第58話

そっと目を開けて、少し上を見上げてみれば、そこにいたのはやっぱり宏樹だった。宏樹はその両腕で私をしっかりと抱え、まるで親の仇を見るかのように女の子達を見据えていた。


 何で?そう思った。あんた、『それ』のターゲットになっていても、そんな目で相手を見なかったのに。どうして…。


「どうしてよ、前嶋君!?」


 そして、同じふうに思ったのか、女の子達も口々にそう言ってきた。


「前嶋君、変だよ!おかしいよ!」

「おかしいのはお前らだ、もういい加減やめろ!こんな事、無意味だ!」

「意味ならあるよ、理香が全部悪いんだから」

「悪いのは安西だけじゃない。

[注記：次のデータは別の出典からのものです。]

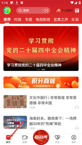 2、進入首頁,頂部設搜索欄與推薦時政等分類標簽,展示專題內容及本地資訊,配備積分商城入口,底部對應首頁導航欄,可瀏覽各類本地相關信息。

俺も含めて…全員悪い!」

「何それ、意味分かんない。そんな事より、こっちに理香を渡しなさいよ!」


 そう言った女の子達の一人が、私を抱えた宏樹に掴みかかる。宏樹は私を守るように背を向けて、そのまま階段の方に向かおうとした。だけど。


「うわっ…」

「え…」


 いきなり視界がめちゃくちゃになった。例えるなら、何度も回転を繰り返すジェットコースターに乗っている時みたいな感じ。


 たぶん、私か宏樹のどっちかが階段を踏み外したんだ。そう分かった時には、私達二人の身体は階段の一番下まで落ちていて、女の子達の甲高い悲鳴が響いていた。